Pages

Monday, 15 August 2016

Death and The Seaside - book launch



by Maryom


Although Alison Moore's latest novel Death and the Seaside was published on the first of this month, the launch party didn't take place till last Friday(12th), so that evening we drove over to Nottingham Waterstones for an evening of book-ish chat, nibbles and drinks. There we ran into quite a number of friends from Nottingham's writing community, several of whom we've met through Nottingham's bid for City of literature status, as well as, obviously, the star of the evening Alison Moore.

After a while for chatting and grazing the refreshments, the formal part of the event got underway with a reading from the second chapter of Death and the Seaside which introduces the main character, Bonnie Falls (if you've read the book, you'll know why that chapter, not the first). It's always interesting to hear an author read their own work, as they often place emphasis on a different word or phrase to my internal reading, and can throw a different light on the story. Hearing an early section of the book again, I was struck by how many seemingly unimportant things foreshadow events later in the story.

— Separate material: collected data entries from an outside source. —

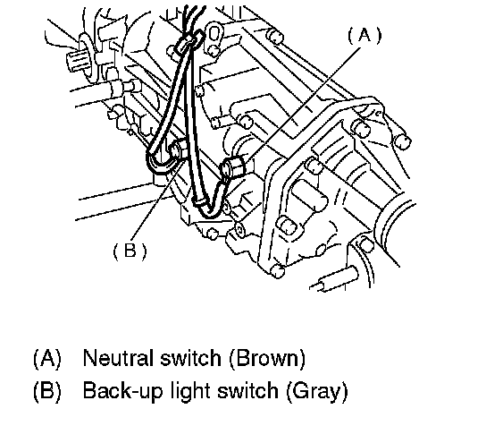 6. Remove the back-up light switch and neutral position switch with harness.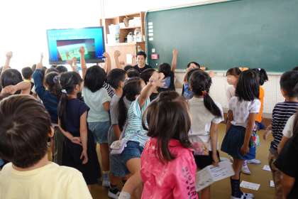 2年生はみんな大爆笑!!いつも2年生の先生たちは、子どもたちを喜ばせようと工夫がたくさんです。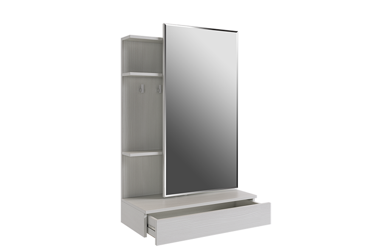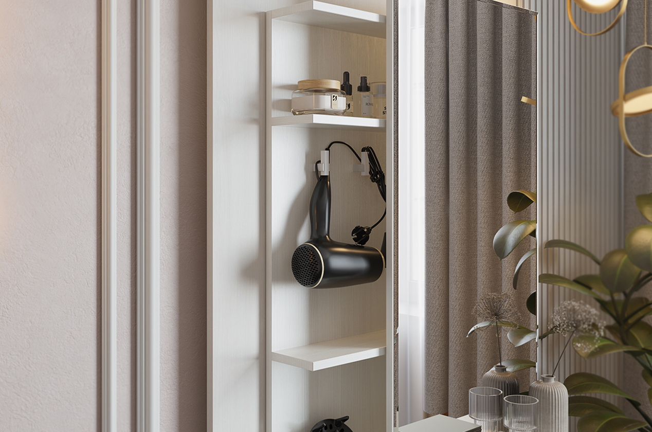 Трюмо Арина можно повесить на любой удобной высоте. Зеркало легко отодвигается в сторону, открывая доступ к дополнительным полкам и крючкам. На них удобно разместить баночки с кремами, косметику, аксессуары и фен для волос. Небольшой выдвижной ящик позволит держать важные мелочи под рукой, но не на виду.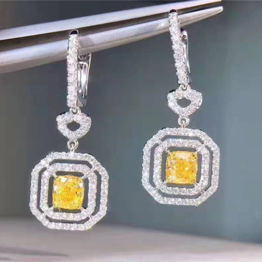Wholesale Elegant Earring Gemstone Jewelry Natural 1.006ct 1.001ct Yellow Diamond Drop Earring 18k Gold

This was followed by a really interesting Q+A session. People are always interested to know about writers' habits, where and when they work, do they have a routine, a special notebook, but I was more engrossed in the questions revolving around the ideas that went into the novel itself.

Death and The Seaside is Moore's third novel; "a psychological thriller about life, art, and inescapable fate" being how I described it in my review.  It started life while she was in the coastal town of Seaton and working on The Harvestman; a short story, again set by the seaside, about fear, and how fear can actually attract danger. So some of the themes that went on to be developed in Death and the Seaside were already present then, and even Seaton itself figures in the novel.

Responding to prompts from the audienece, Moore went on to talk about the wider role of 'the seaside' in European novels - how it's a place that characters arrive at when in crisis, or at a pivotal point in their lives; the story being resolved either by death in the sea, or, having come to a life-changing decision, the character then returns to their 'inland' life. It's all rather contrary to our every-day view of the seaside as a jolly place for summer holidays.
All of this gave me a lot of food for thought. Firstly as in my review of Death and the Seaside, I'd concentrated on psychological manipulation and living up (or down) to people's expectations, rather than seaside-related symbolism, and also because I'd recently read Elly Griffiths' crime novel The Crossing Places which references an Iron Age belief that the places where water and land met and merged - tidal flats, marshlands, bogs - were special zones at which the barrier between life and death was thin.
They may not all be relevant in this case but I'm really hoping I can make time to re-read Death and the Seaside soon, with these thoughts in mind.